[Data records]
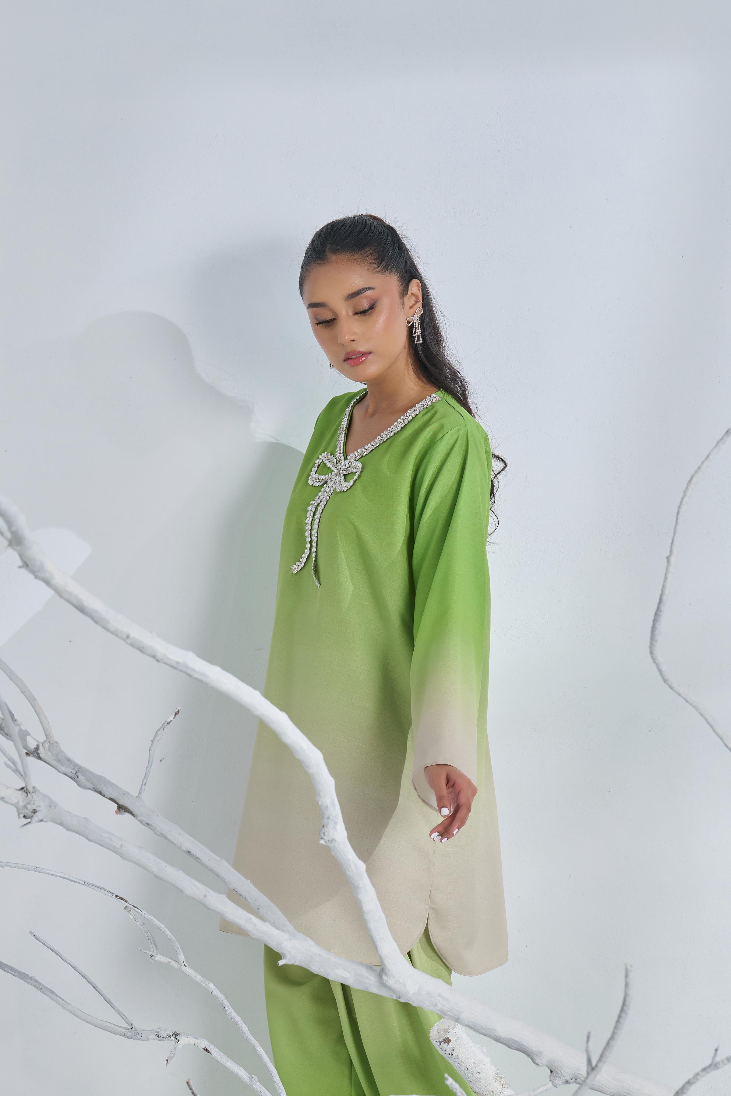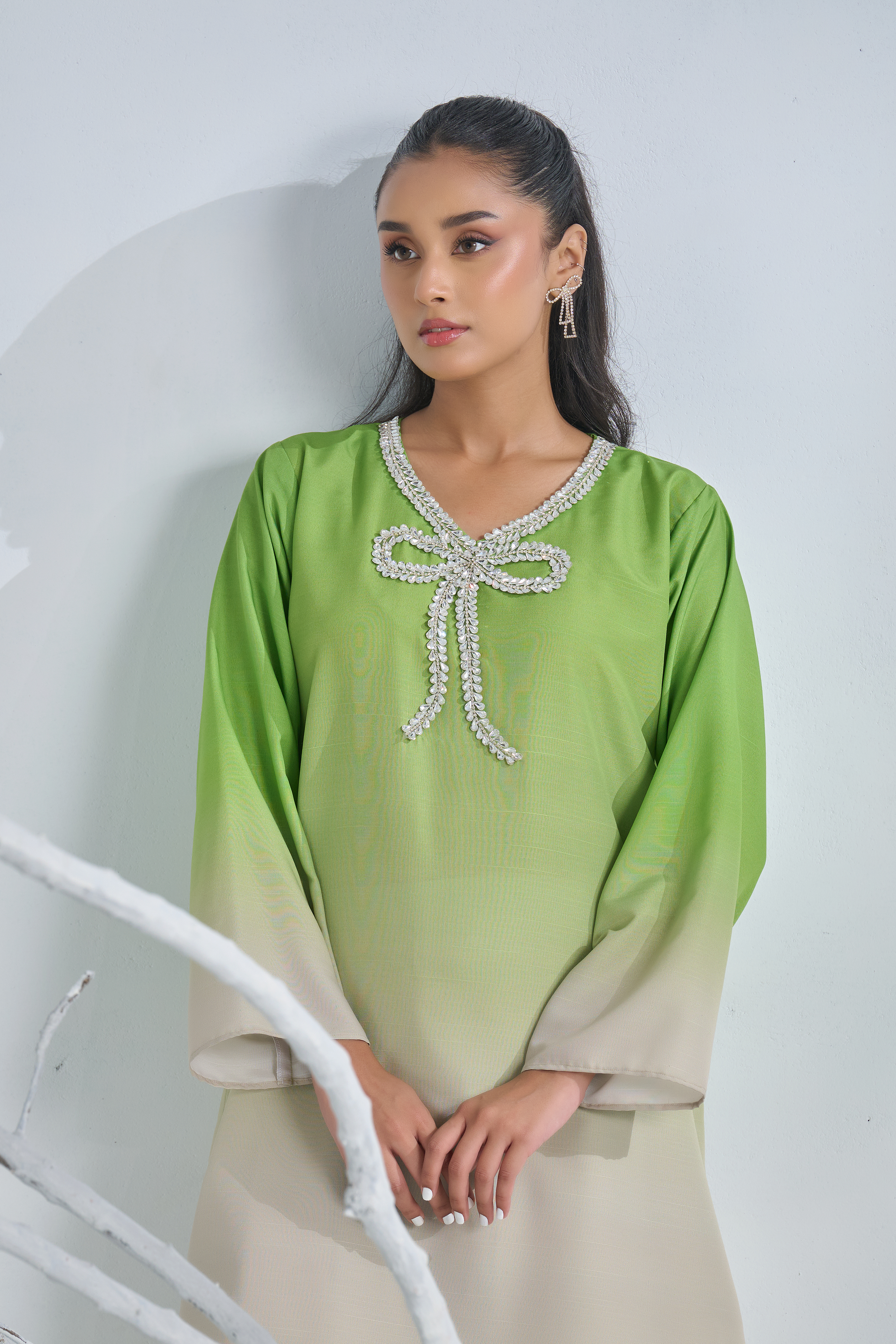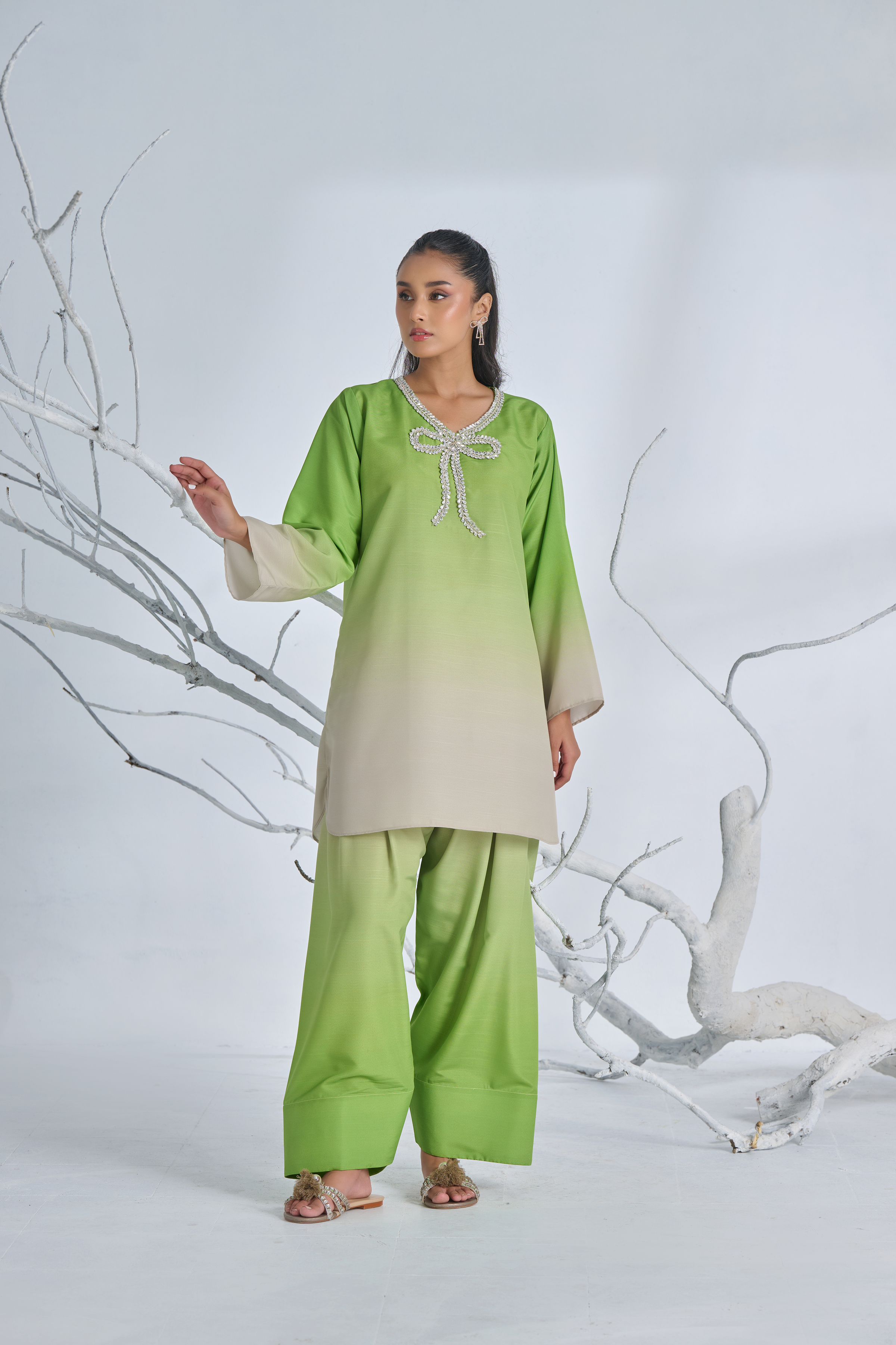 Description: Drape yourself in Pear Green Ombre set– a classic outfit that speaks volumes in style.
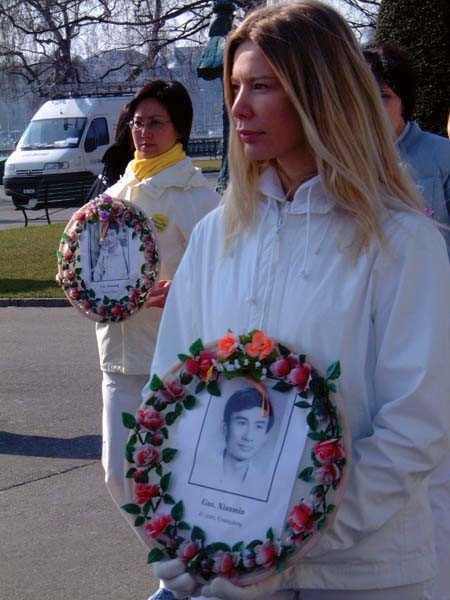 2003年3月法轮功学员在日内瓦59届联合国人权年会举行活动,要求停止迫害法轮功
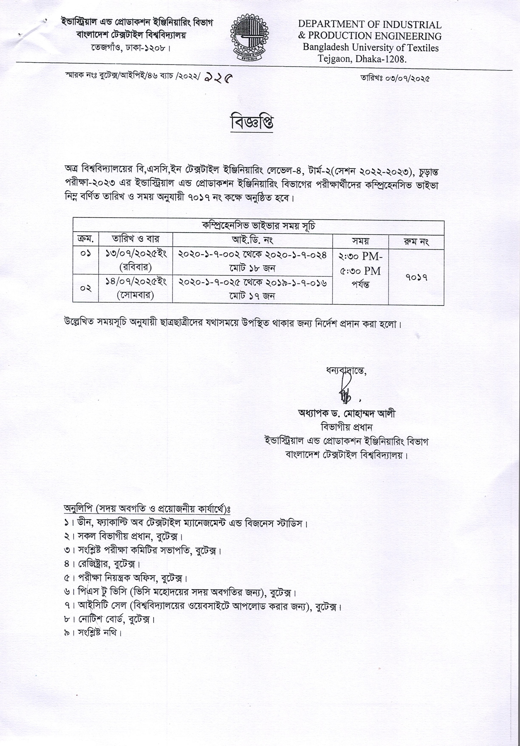 IPE Dept. Comprehensive Viva, Project Work & Industrial Attachment of BSc in Textile Engineering L-4 T-2
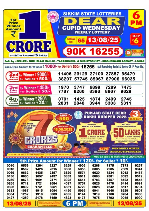 Maharashtra Weekly Lottery 4.15PM Result 13.08.2025
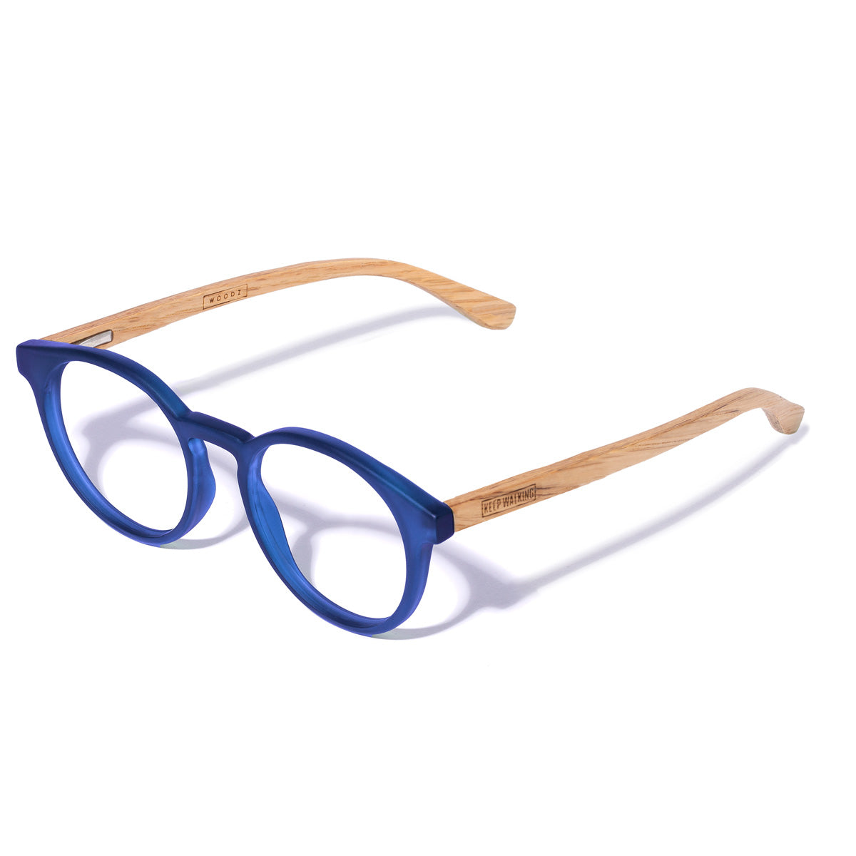 Olli da Coleção Especial Woodz x Johnnie Walker com a frente de bio acetato e haste de madeira reciclada do barril de whisky, na cor Blue Label.

» Required action
All that is wanted is an exact copy of the lines from the line bearing "2003年3月法轮功学员在日" through the final line of the entries, including both ends but no pictures.

» Solution for this exercise
 2003年3月法轮功学员在日内瓦59届联合国人权年会举行活动,要求停止迫害法轮功
 IPE Dept. Comprehensive Viva, Project Work & Industrial Attachment of BSc in Textile Engineering L-4 T-2
 Maharashtra Weekly Lottery 4.15PM Result 13.08.2025
 Olli da Coleção Especial Woodz x Johnnie Walker com a frente de bio acetato e haste de madeira reciclada do barril de whisky, na cor Blue Label.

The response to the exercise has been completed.